Thinking about it now, he wondered about his own blindness. By mentioning the matter to Rankin, he had confirmed the nurse’s testimony about his presence at so awkward a moment. His colleague had come up casually with a plausible explanation, and Waring had accepted it without suspicion. Now, after the murderous shove at the mouth of the shaft, he saw the facts in a new light. Clearly, Rankin had been performing an illegal operation — and not the first, to judge from the sequence of Lincolns and the other expensive toys the man owned. Even worse, he kept his face covered, working through a trusted confederate — the nurse — and called himself Waring. No wonder he had to get rid of his partner after being caught in the act. Hell, the man might even claim that Waring had run off to avoid prison; the women would all say they had been treated by him and not Rankin. The doctor boiled with fury at the thought.
Once more he pawed through the pile of stuff from his pockets. There had to be some way out of this trap. After all, he had enough rope to reach the top; he only had to get it there.
He searched the few dry spots beyond the pool of mud, and found a rusty iron bolt that weighed at least four ounces. He tied one end of the rope to it, and made a few tentative upward tosses. Much too light; by the time the bolt had lifted a few feet of the cord — slender though it was — all the velocity was lost.

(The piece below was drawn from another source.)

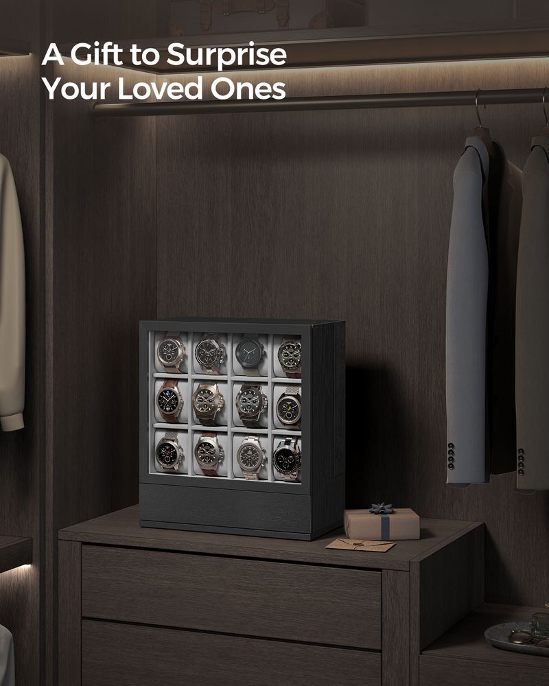 - [Chic, Compact, and Convenient] This watch box measures 5.9 x 11.6 x 12.8 inches and boasts a clear window for displaying up to 12 watches. With its vertical storage design and wood grain surface, this watch box saves tabletop space while adding style

He found another hunk of corroded metal, bound the two into one mass of half a pound or more, and tried again. But the rope tangled before the weight rose more than twenty feet. This wasn’t going to work.

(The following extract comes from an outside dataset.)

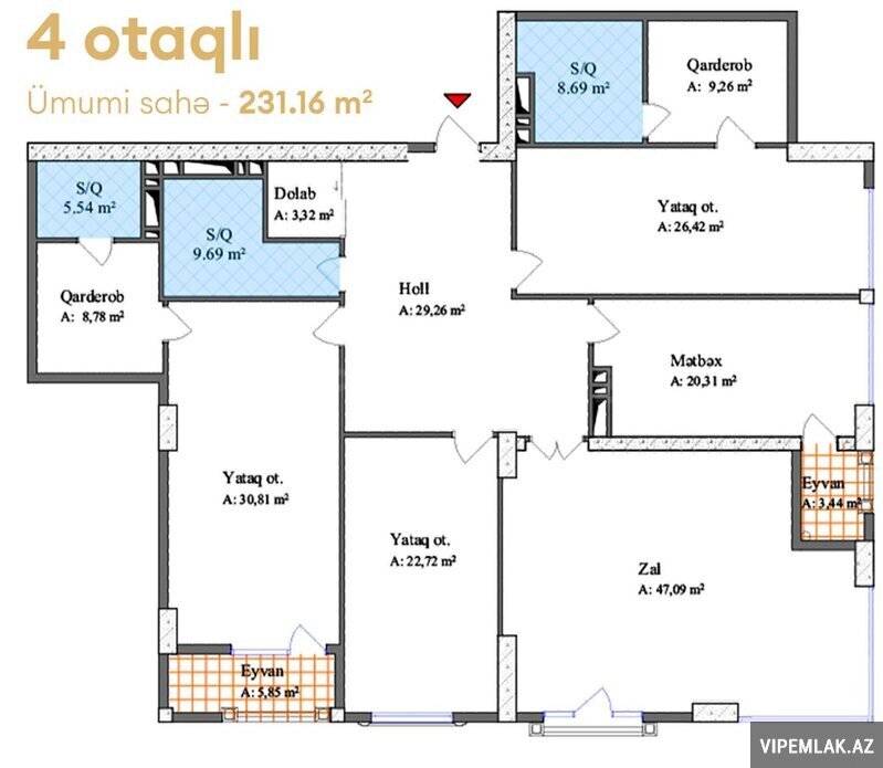 - Sahəsi: 68 kv.m.

Waring thought for a few minutes, and hoped he’d found the flaw. The rope had to be coiled in such a way that the rising weight of metal could lift it without causing any tangles. He invented several arrangements, and came up with one of alternate coils — a figure eight pile — that didn’t knot up. But when he took a mighty heave towards the shining circle far overhead, the results were ludicrously inadequate. It is one thing to throw a ball several hundred feet in an arc, but another one altogether to project it straight up from the bottom of a narrow shaft. Not even the best outfielder in both major leagues could have managed it; of that Waring was certain.
Filled with despair, the doctor sat down again. He looked at his watch. About three more hours of daylight. After that, only the cigarette lighter for illumination, and it wouldn’t last long. More sun tomorrow — if the promised storm didn’t move in, maybe drowning him down here like a rat — but also a day without food. A man needed all his strength to climb a rope one hundred and fifty feet high. No, it had to be now, in these three hours, or never. Of course, he could yell, now that Rankin was gone, but visitors to the old mine were bound to be scarce, especially at this time of year.
Gloomily, Waring pulled his rifle out of the mud, and used his handkerchief to clean the stock. The action, he noted, was still clean and bright with oil.
Suddenly he felt a surge of hope. The gun was power. Could that power be used to save him?